Intralesional therapy

Triamcinolone acetonide is injected into the lesions that are highly visible or isolated. Care must be taken so that normal skin is not injected.

Photochemotherapy

It is used when psoriasis is resistant to topical therapy or in combination with topical therapy. The commonly used phototherapy are:

  1. Broadband or narrowband ultraviolet B (UVB)
  2. Psoralen and Ultraviolet A (PUVA) therapy is used for severely debilitating psoriasis which involves taking photosensitive drugs with subsequent exposure to long-wave ultraviolet light. The risks of phototherapy are skin ageing and skin cancer (squamous cell skin carcinoma). 

Eximer laser: a controlled beam of light is directed towards the psoriatic plaque to control scaling and inflammation.

Systemic therapy

It is used in widespread and severe forms of psoriasis when other treatment modalities fail to achieve a desirable response. These include-

  1. Methotrexate is used in extensive psoriasis that fails to respond to other forms of therapy. Monitoring of renal, hepatic, and hematopoietic systems should be done while using methotrexate therapy. 
  2. Oral retinoids (Acitretin)
  3. Cyclosporin A
  4. Ustekinumab

Biological therapy

when neither phototherapy, nor systemic therapy provide adequate improvement, treatment with biological agents is indicated. Such as-

  • Infliximab
  • Etanercept
  • Adalimumab

Prognosis

  • Psoriasis has a variable course of prognosis. 
  • Psoriasis is not curable, but it can be controlled with medications and lifestyle modifications to prevent flare-up of the lesions.
  • It improves and worsens spontaneously.
  • It stays in remission for years with clear lesions and may flare up upon exposure to triggering factors.

Psoriasis during pregnancy

  • Psoriasis changes during pregnancy, it can flare up, subside or stay the same. 
  • In around 60% of women, psoriasis improves during pregnancy due to a rise in progesterone level that lowers the immune system activity. 
  • In 10-20% pregnant women psoriasis may worsen. 
  • In more than half women, psoriasis flares up within 6 weeks after delivery.
  • Treatment should aim to control the disease without harming the baby.

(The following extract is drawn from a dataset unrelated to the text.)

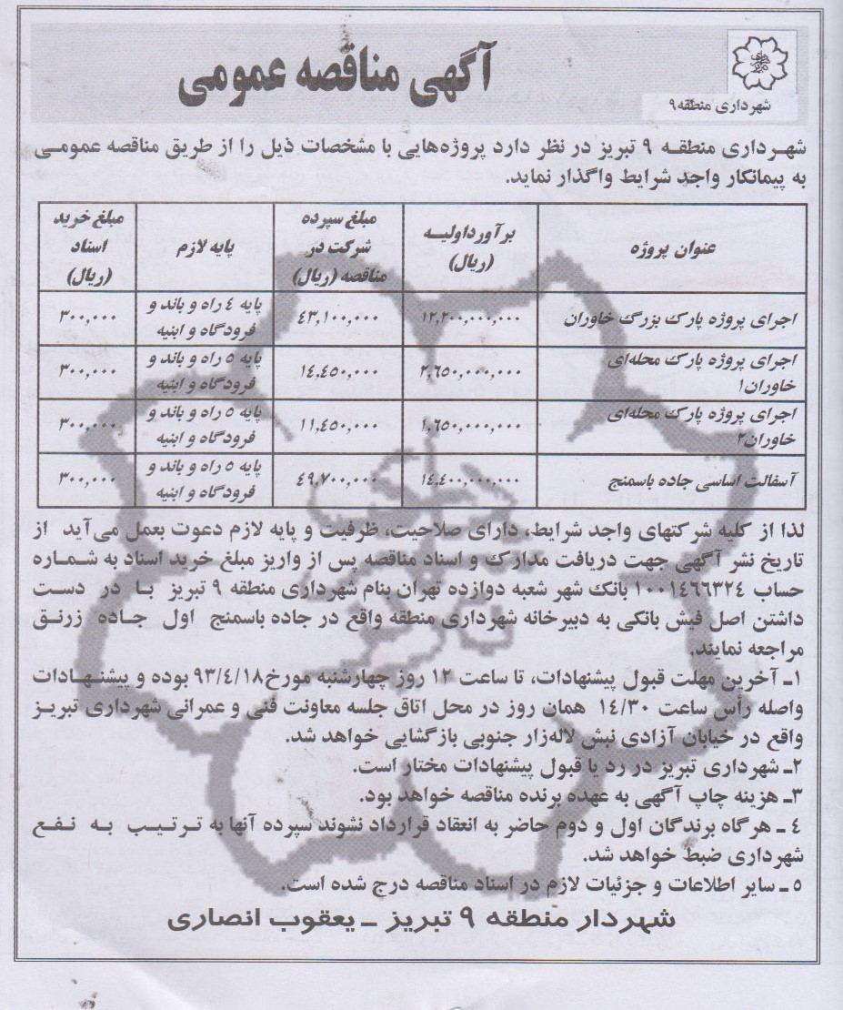 آخرین مهلت قبول پیشنهادات تا ساعت 12 روز چهارشنبه مورخ 93.4.18 بوده و پیشنهادات واصله راس ساعت 14:30 همانروز در محل اتاق جلسه معاونت فنی و عمرانی شهرداری تبریز واقع در خیابان آزادی نبش لاله زار جنوبی بازگشایی خواهد شد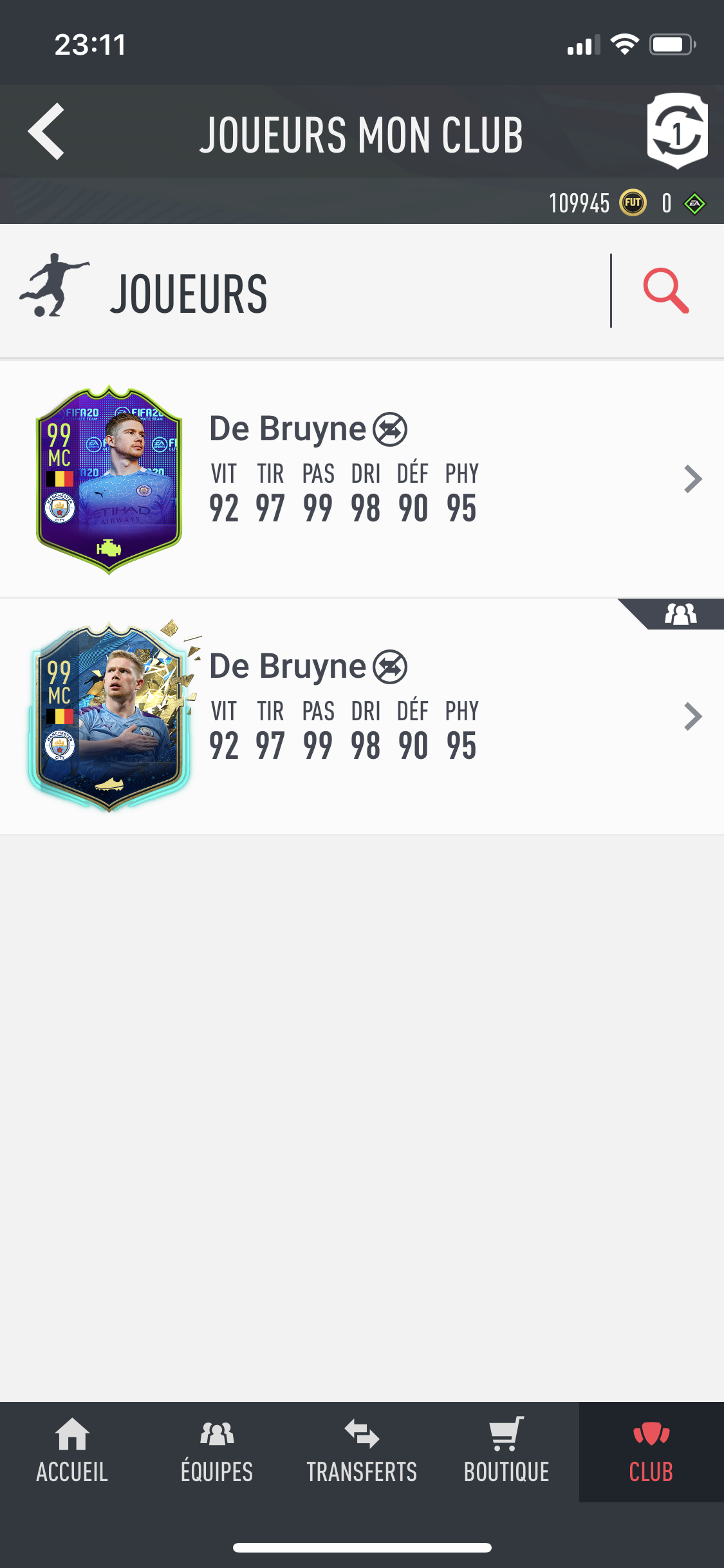 M_Solo91 Toffees fanboyTransactions (0) | Perso je me prends pas la tête pour le moment, ma team PL est déjà méga fat, en plus de KDB, VD et AA TOTS, Greenwood et Pogba sont finalement également monstrueux, je monte de deux divisions d'ailleurs, et sans Icône Moment. |

Medications that can be used during pregnancy

  • Moisturizers and emollients to protect the skin from drying, scaling and irritation, such as petroleum jelly or mineral oil.
  • Topical steroids creams: It must be washed off thoroughly before breastfeeding. 
  • Phototherapy: narrowband UVB and broadband UVB considered safe during pregnancy

Systemic Drugs to be avoided during pregnancy

  • Methotrexate
  • Tazarotene 
  • Acitretin

Differential diagnosis

  • Eczema
  • Tinea corporis
  • Seborrheic Dermatitis
  • Pityriasis Rosea
  • Lichen Planus
  • Onychomycosis
  • Lupus
  • Cutaneous Squamous Cell Carcinoma
  • Superficial basal cell carcinoma / Bowen’s disease
  • Mycosis Fungoides
  • Drug eruption
  • Secondary syphilis

Complications of psoriasis

  • Infection at the site of lesion
  • Eye problems- Conjunctivitis, blepharitis and uveitis
  • Acute pain
  • Fluid and electrolyte imbalance
  • Psoriatic arthritis (approximately 5-20% are associated with arthritis)
  • Autoimmune diseases- celiac disease, inflammatory bowel disease etc. 
  • Parkinson’s disease
  • Low self-esteem due to embarrassment over appearance
  • Depression
  • Suicidal tendency

Conclusions

  • Identify the triggering factors to reduce or prevent the flare-up of the psoriatic symptoms.
  • Consult a skin specialist doctor (dermatologist) to help fight against psoriasis.
  • For some people living with psoriasis can be a challenge as it could affect areas of life such as choice of clothing, relationships, low self-esteem, emotional health, etc.
  • Psoriasis education is important since Psoriasis is not contagious and hence it should be educated among people to promote acceptance and understanding.
  • Although there is no cure, there are effective treatments and measures to improve the symptoms and lower the risk of the development of other medical conditions associated with psoriasis. 

Authors

  • Dr. Samanta Meharin Priam MBBS (University of Dhaka), MRCS-P1. Trained in basic surgery skills. Has special interest and experiences in providing breast care and breast disease management. She is currently providing telemedicine consultation during COVID 19 Response. She is working as a Medical Doctor in a tertiary level hospital.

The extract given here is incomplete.